- _Information provided_:
+ + + + + + +
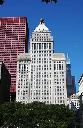 Este edificio en forma de U, de 145 m de altura, está frente a Avenida Míchigan y Grant Park de Chicago. La pirámide de 12 m en la parte superior del edificio (que Schulze & Harrington, autores de Famous Buildings de Chicago, comparan con la Tumba de Mausoleo de Halicarnaso), con su nuevo revestimiento de acero inoxidable recubierto de zinc, tiene su punto máximo un adorno de "colmena" de vidrio de 6 m que contiene una caja de vidrio azul llena de seis bombillas de 1000 vatios que emite una luz azul profunda, una característica prominente del horizonte nocturno de Chicago.[2] La colmena está sostenida por cuatro bisontes de piedra caliza.[9] Debido a este adorno, a veces se le conoce como el "Edificio Colmena".[2]
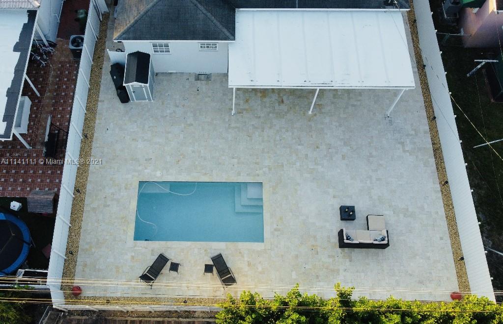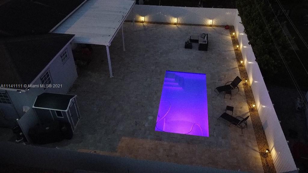 Beautiful single family home featuring 3 bedrooms, 2 bathrooms and a huge upgraded patio that included Travertine Marble flooring and a beautiful new Pool (2020). No detail has been left untouched in this house! Recently upgraded Kitchen and bathrooms with Quartz countertop and stainless steel appliances, Nest Thermostat, tankless water heater, washer/dryer, Impact windows & shutters. Fully fenced with remote controls and keypad for entry gate.
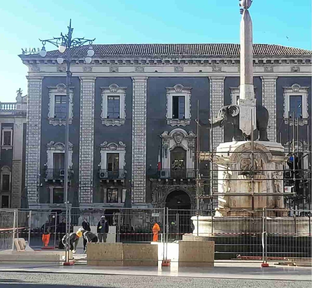 La Fontana dell’Elefante è attualmente in restauro all’interno di un cantiere “aperto” alla città, per circa due mesi, con attività che includono condivisioni tramite applicazioni digitali interattive.
+ + + + + + +
- _Problem to solve_:
Repeat the listing exactly; do not print any picture.

- _Response area_:
 Este edificio en forma de U, de 145 m de altura, está frente a Avenida Míchigan y Grant Park de Chicago. La pirámide de 12 m en la parte superior del edificio (que Schulze & Harrington, autores de Famous Buildings de Chicago, comparan con la Tumba de Mausoleo de Halicarnaso), con su nuevo revestimiento de acero inoxidable recubierto de zinc, tiene su punto máximo un adorno de "colmena" de vidrio de 6 m que contiene una caja de vidrio azul llena de seis bombillas de 1000 vatios que emite una luz azul profunda, una característica prominente del horizonte nocturno de Chicago.[2] La colmena está sostenida por cuatro bisontes de piedra caliza.[9] Debido a este adorno, a veces se le conoce como el "Edificio Colmena".[2]
 Beautiful single family home featuring 3 bedrooms, 2 bathrooms and a huge upgraded patio that included Travertine Marble flooring and a beautiful new Pool (2020). No detail has been left untouched in this house! Recently upgraded Kitchen and bathrooms with Quartz countertop and stainless steel appliances, Nest Thermostat, tankless water heater, washer/dryer, Impact windows & shutters. Fully fenced with remote controls and keypad for entry gate.
 La Fontana dell’Elefante è attualmente in restauro all’interno di un cantiere “aperto” alla città, per circa due mesi, con attività che includono condivisioni tramite applicazioni digitali interattive.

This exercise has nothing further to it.